Goal of the exercise:
Transcribe, word for word, only the lines from the one containing "Bechamel Button Down" through the end of the material below. Pictures stay out.

+--

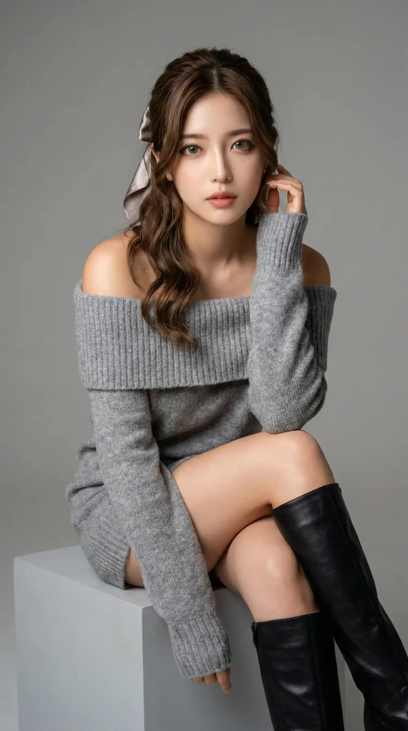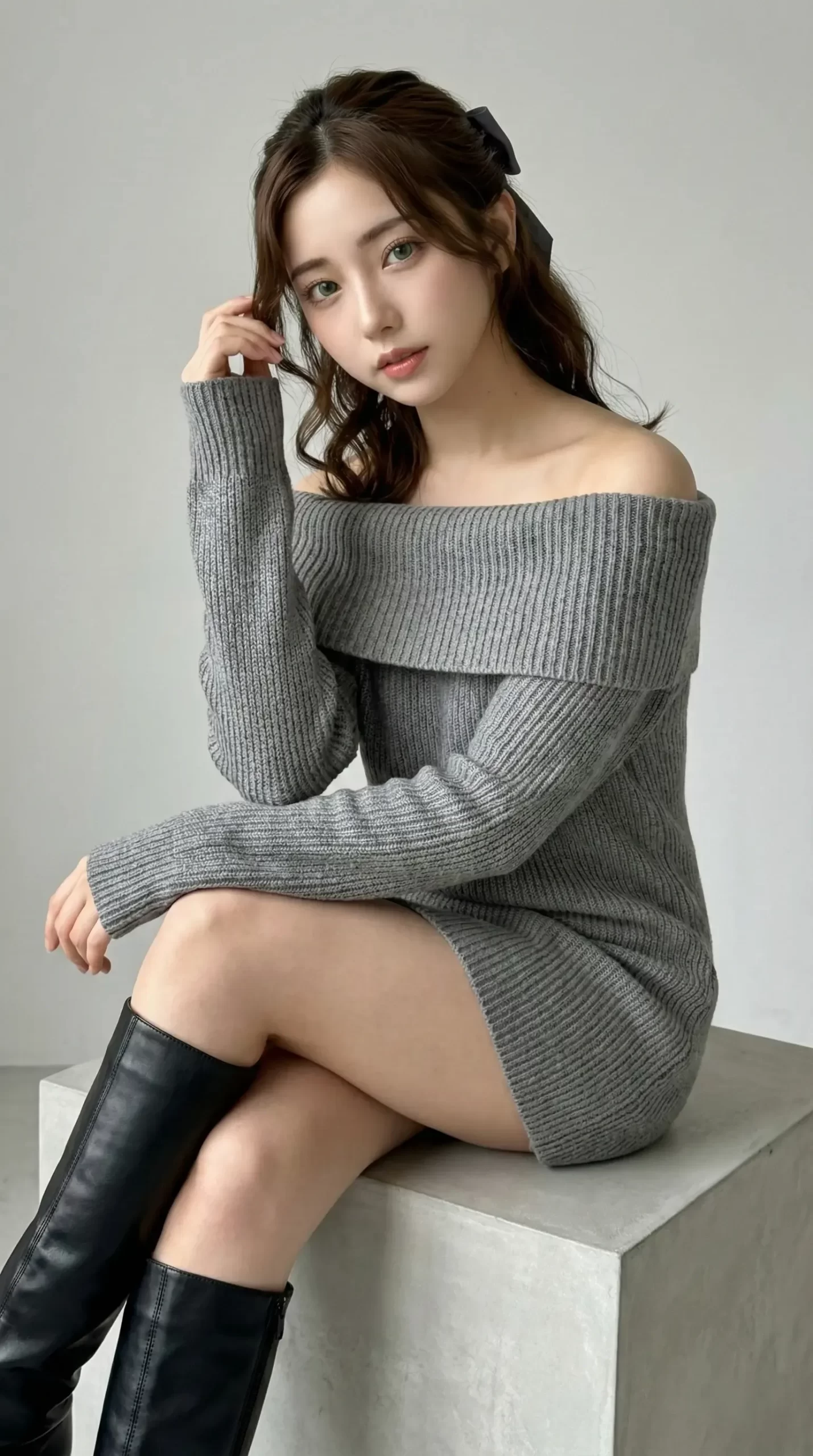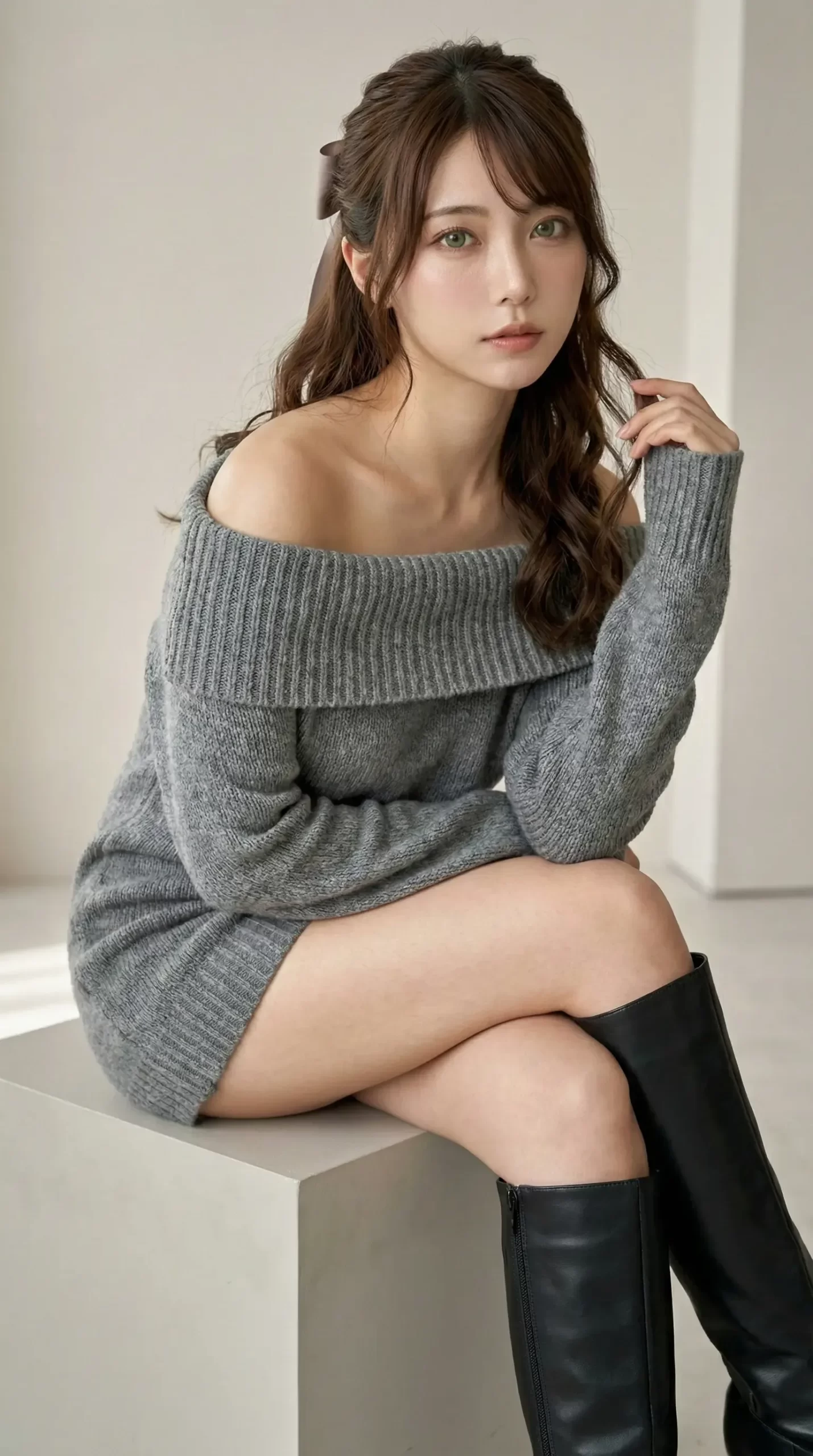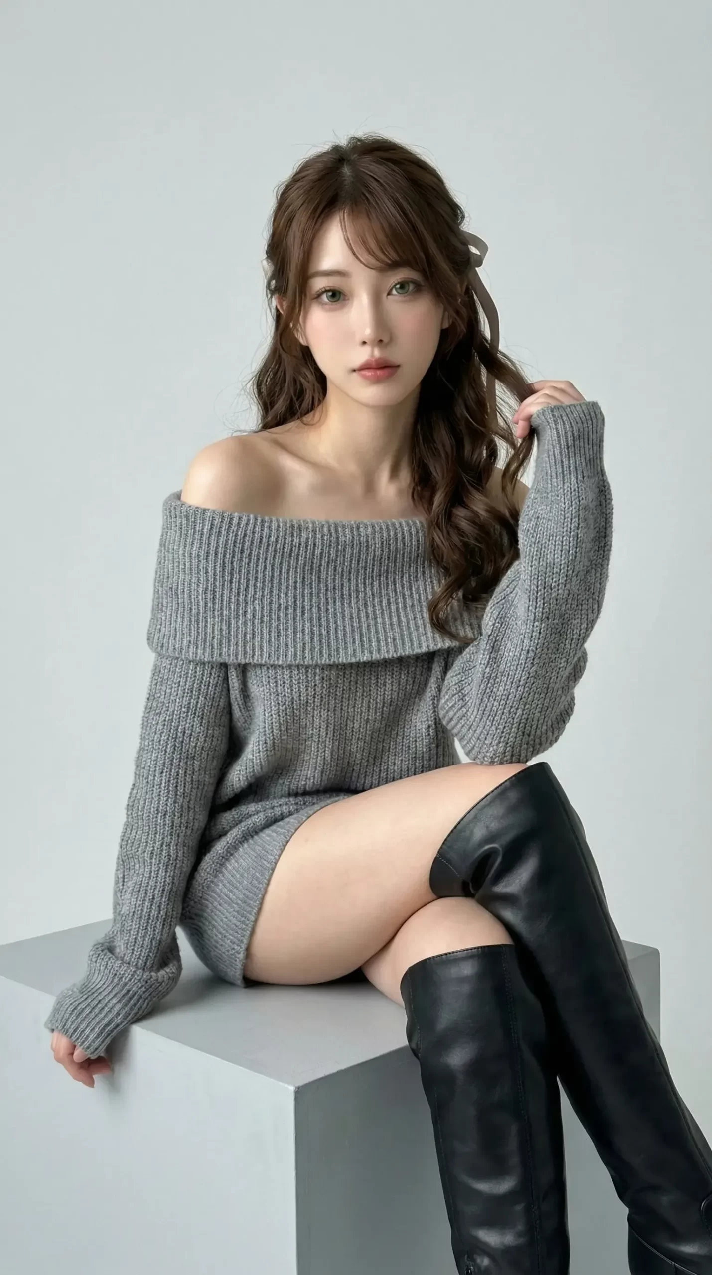 そして、なんといってもニットの裾からすらっと伸びる素肌の太ももと、黒ロングブーツの組み合わせ!この絶対的なコントラスト、たまらないですよね。少しクールなレザー調のブーツが全体の雰囲気を引き締めていて、セクシーなんだけど上品さもしっかり残っているのがポイント高いです。
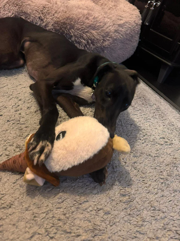 Now that Stanley has been in foster care for a little while, he’s looking fantastic. He’s put on weight, had time to relax, and his personality is really shining through. He loves a cuddle and will happily snooze with his head in your lap. In the evenings, he settles nicely into his bed. Stanley would benefit from having another dog in the home, as he enjoys having a companion to cuddle and play with. He would also be absolutely fine with children in the home, ideally aged six and over, simply due to his size. Stanley would make a wonderful family pet.
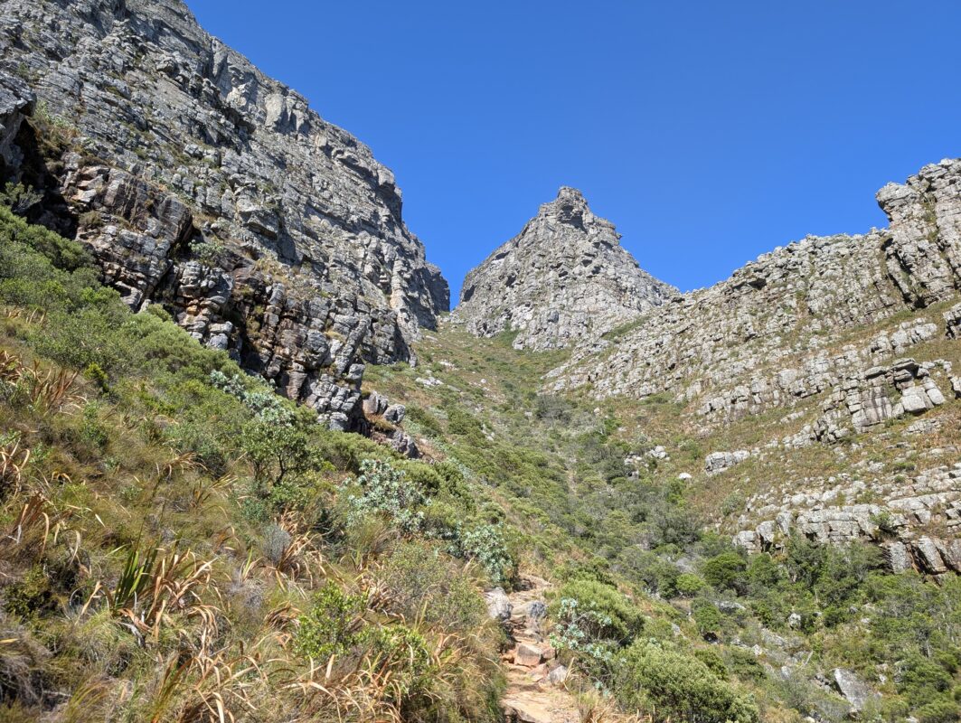 Um unsere Beine daran zu erinnern, dass es auch noch eine dritte, vertikale Raumdimension gibt, wandern wir über die Platteklip-Schlucht hinauf auf den Tafelberg. Keine bergsteigerische Höchstleistung aber man wird bescheiden.
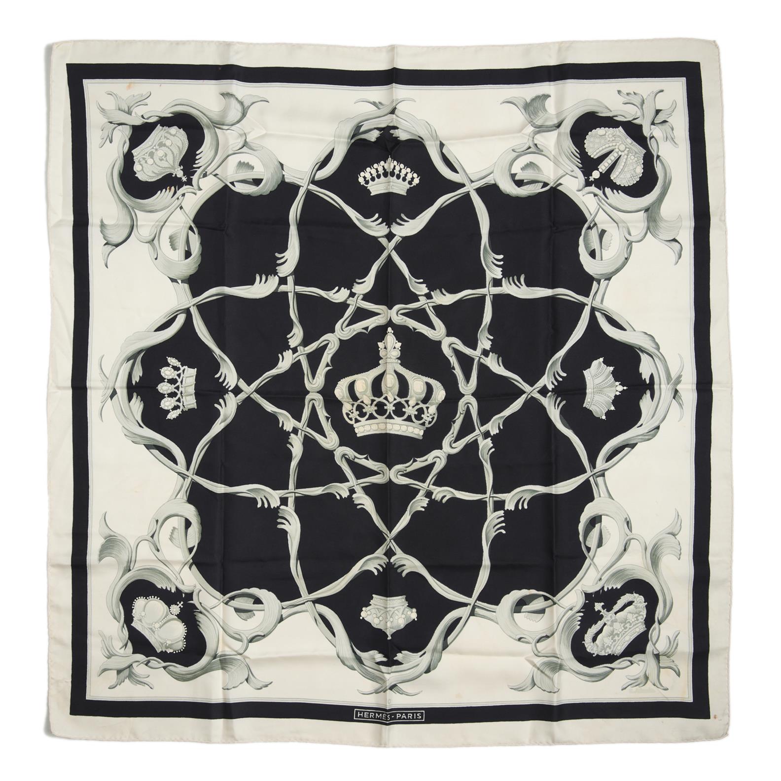 HERMÈS, A SILK CARRÉ 'CROWNS COURROUNE' BY JULIA ABADIE, 90CM SQUARED
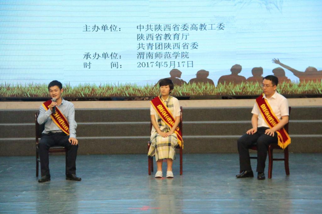 为了充分展示陕西省高校大学毕业生扎根基层、创新创业、报效祖国的先进典型,教育引导广大青年学生树立正确的就业观和成才观,自觉把个人理想同国家与社会需求紧密结合起来,到祖国最需要的地方建功立业。5月17日,由中共陕西省委高教工委、陕西省教育厅、共青团陕西省委主办,欧宝娱乐官方app承办的以“奋斗的青春最美丽---争做向上向善好青年”为主题的2017年陕西高校大学毕业生建功立业先进事迹分享会在我校陶然楼演艺厅举行。校党委副书记赵伏友,校党委委员杨小渭出席活动。分享会由校团委副书记马耀斌主持。
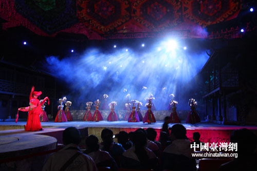 兩岸記者觀看“夷水利川”歌舞表演。(中國(guó)臺(tái)灣網(wǎng) 王曉蕊 攝)
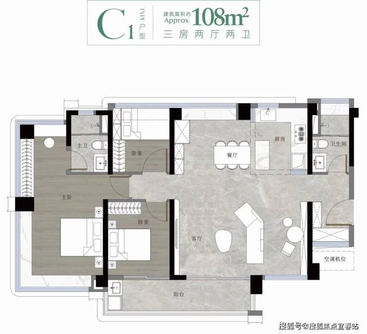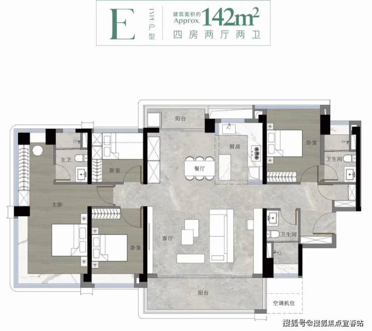 四、户型设计:南向全飘窗+高实用率 户型面积段79-142㎡三到四房,主打改善型产品,全部南向,带超大阳台,主卧标配270°或240°转角飘窗,采光与视野俱佳。项目最大亮点是高使用率,基本都达到100%以上,满足刚需到改善不同阶段家庭的需求。
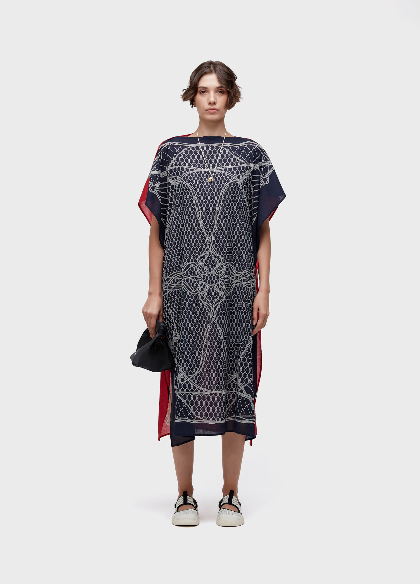Vestido com modelagem reta. A peça é toda aberta e possui fechamento com botão Osklen nas laterias e nos ombros. Feito em tecido 100% algodão, com estampa exclusiva Osklen, na versão Knot em vermelho e azul. Frente e costas possuem estampas/cores diferentes para uso dos dois lados. A peça pode ser totalmente aberta e usada como lenço.
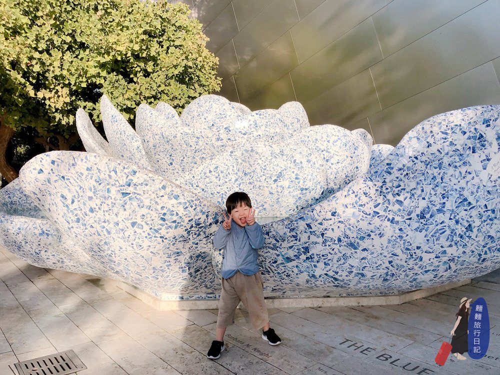 加州華特迪士尼音樂廳Walt Disney Concert Hall是來美國LA必來拍照打卡的知名地標,這裡是全美五大交響樂團之一的洛杉磯愛樂管弦樂團跟合唱團的本部,除了來聽音樂會之外,因為超級獨特的建築物外型吸引很多觀光客前來,我們就是其中之一啦!(觀光客無誤),雖然沒有要來欣賞演出,但是迪士尼音樂廳裡面有個藍絲帶花園Blue Ribbon Garden可以讓小孩跑跳,還是免費滴!你們說不去對嗎?!!! 覺得來美國體會很深的除了多元種族之外、第二個就是美國真的很棒,居住在這裡的人就算貧富差距再怎麼大,都還是擁有很多資源,如蓋地中心、到處走隨便都有讓小朋友玩可以放風的公園、音樂廳或美術館,除了你想看欣賞音樂廳的表演或是看展需要付費外,其他基本上都是免費的,擁有這些資源真的是讓村長我羨慕季妒恨啊!希望台灣政府在鼓勵生育的時候,也能將打造親子環境以及人民享有的資源等考量進去,不要每次快選舉只是修整道路而已。(是要說政見了嗎?)(哈哈哈)(賣鬧)
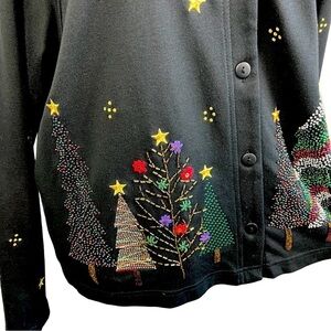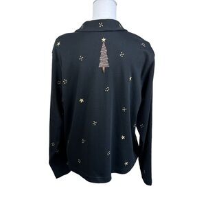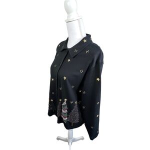 Bechamel Button Down Christmas Tree embroidered long sleeve Blouse Black Size L
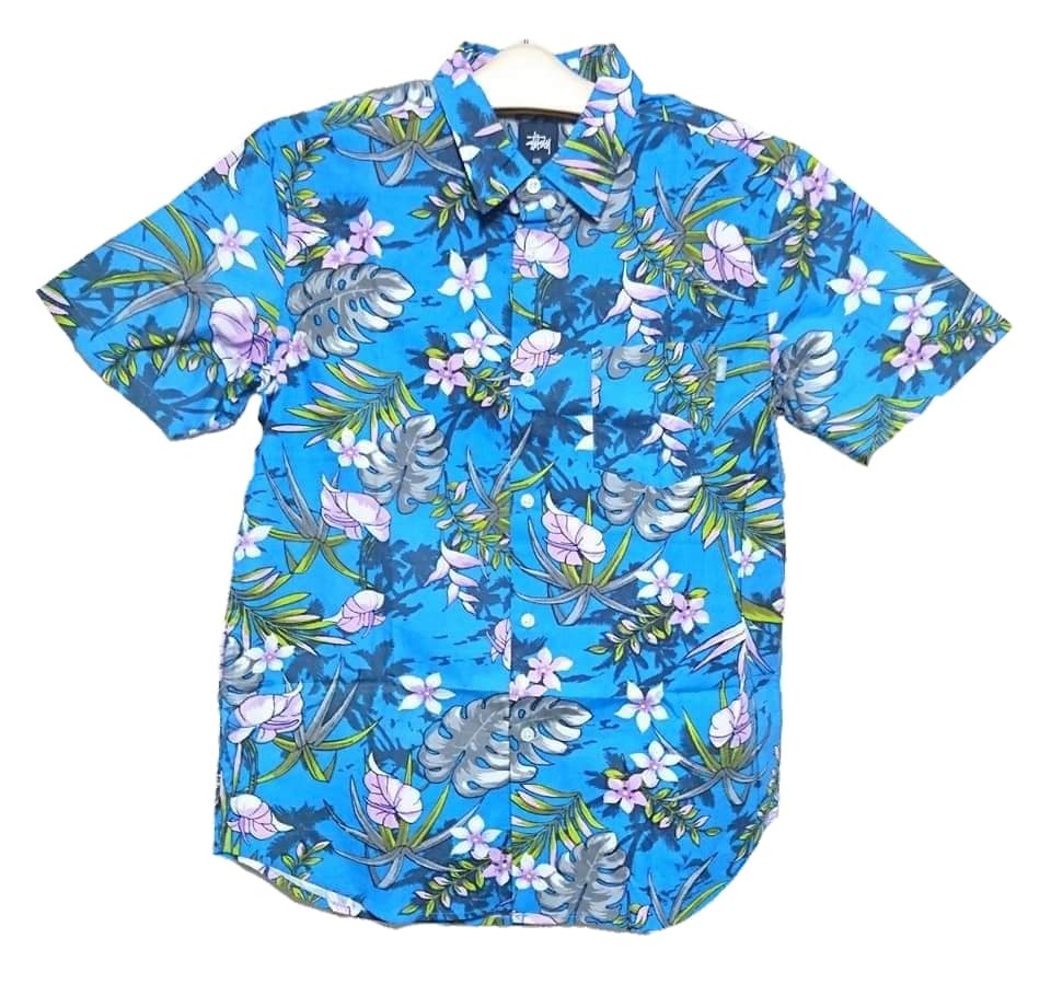 - 希少2014年発売!新品タグ付き!定価¥15400!STUSSY ステューシー/ボタニカル&ハイビスカス総柄 半袖アロハシャツ S ブルー

+--

Reply to the task:
 Bechamel Button Down Christmas Tree embroidered long sleeve Blouse Black Size L
 - 希少2014年発売!新品タグ付き!定価¥15400!STUSSY ステューシー/ボタニカル&ハイビスカス総柄 半袖アロハシャツ S ブルー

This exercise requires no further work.